As declarações de Eduardo Bolsonaro em defesa de um novo AI-5 no País, caso a esquerda se radicalize, foram vistas por políticos de diferentes partidos e ministro do Supremo, como um retrocesso, uma evidência de intenções autoritárias e um risco à democracia. O AI-5 foi editado em 1968, no período mais duro da ditadura militar (1964-1985).
Filho do presidente Jair Bolsonaro e líder do PSL na Câmara, o deputado federal deu a declaração em entrevista à jornalista Leda Nagle realizada na segunda-feira (28) e publicada nesta quinta-feira no canal dela no YouTube.
“Se a esquerda radicalizar a esse ponto, a gente vai precisar ter uma resposta. E uma resposta pode ser via um novo AI-5, pode ser via uma legislação aprovada através de um plebiscito como ocorreu na Itália. Alguma resposta vai ter que ser dada”, afirmou o parlamentar, filho do presidente Jair Bolsonaro.
Mais tarde, em meio à repercussão de sua declaração, Eduardo usou uma rede social para reforçar a exaltação à ditadura militar.

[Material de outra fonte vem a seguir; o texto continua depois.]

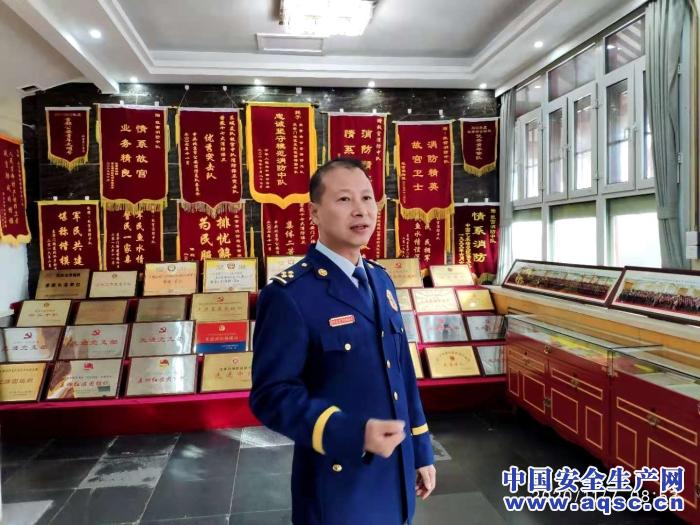 隊(duì)長(zhǎng)蔡瑞在榮譽(yù)室介紹“沒(méi)有戰(zhàn)功就是我們最大的戰(zhàn)功”。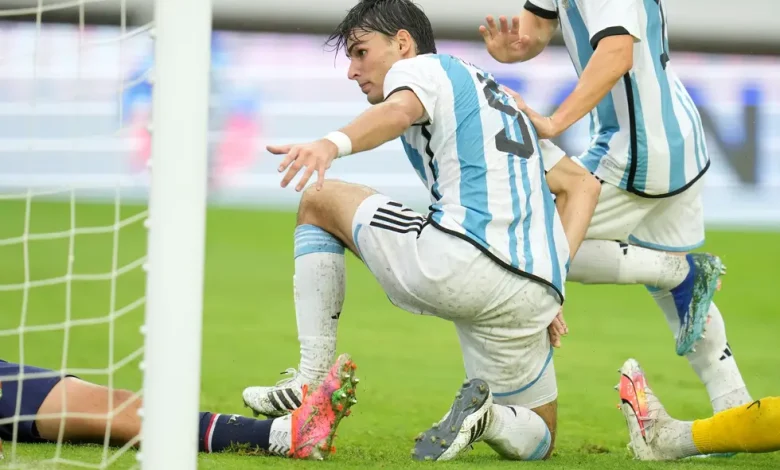Pablo Solari, a los 3 minutos del primer tiempo, abrió la cuenta para el equipo de Javier Mascherano, pero a los 42 de la etapa inicial igualó Diego Gómez y Alan Núñez marcó el segundo tanto de los guaraníes a los 70. Thiago Almada, a los 84, anotó la igualdad de penal, pero Enso González marcó un golazo a los 90. Cuando todo parecía perdido para la Albiceleste, Federico Redondo estampó el empate definitivo en tiempo de descuento.

“Se você está do lado da verdade, NÃO TENHAIS MEDO!”, escreveu, ao postar um vídeo no qual o pai, ainda deputado federal, enaltece o coronel Carlos Alberto Brilhante Ustra, um dos principais símbolos da repressão durante a ditadura e condenado em segunda instância por tortura e sequestro no regime militar.
Nesta quinta-feira, uma das primeiras reações veio do presidente nacional do PSDB, Bruno Araújo, que disse em uma rede social que “parece que não restam mais dúvidas sobre as intenções autoritárias de quem não suporta viver em uma sociedade livre”. O líder do PSDB na Câmara, Carlos Sampaio (SP) chamou a declaração de “desatino”. Já A deputada Joice Hasselmann (PSL-SP) afirmou que a democracia vive um “grave risco”. “Agora fica claro que isso é tudo que essa gente sempre quis”, disse.
O presidente da Câmara, Rodrigo Maia (DEM-RJ) também reagiu as declarações e afirmou que a apologia à ditadura é passível de punição. O presidente do Senado, Davi Alcolumbre (DEM-AP) classificou a fala do filho do presidente como um “absurdo” e uma “inadmissível afronta à Constituição”.
O ministro Marco Aurélio Mello, do Supremo Tribunal Federal (STF), considerou uma “impropriedade” o comentário do deputado federal e disse: “tempos mais do que estranhos quando há essa tentativa de esgarçamento da democracia. Ventos que querem levar ares
democráticos”.
O presidente Jair Bolsonaro (PSL) desautorizou o filho e disse que Eduardo ‘está sonhando’ sobre AI-5.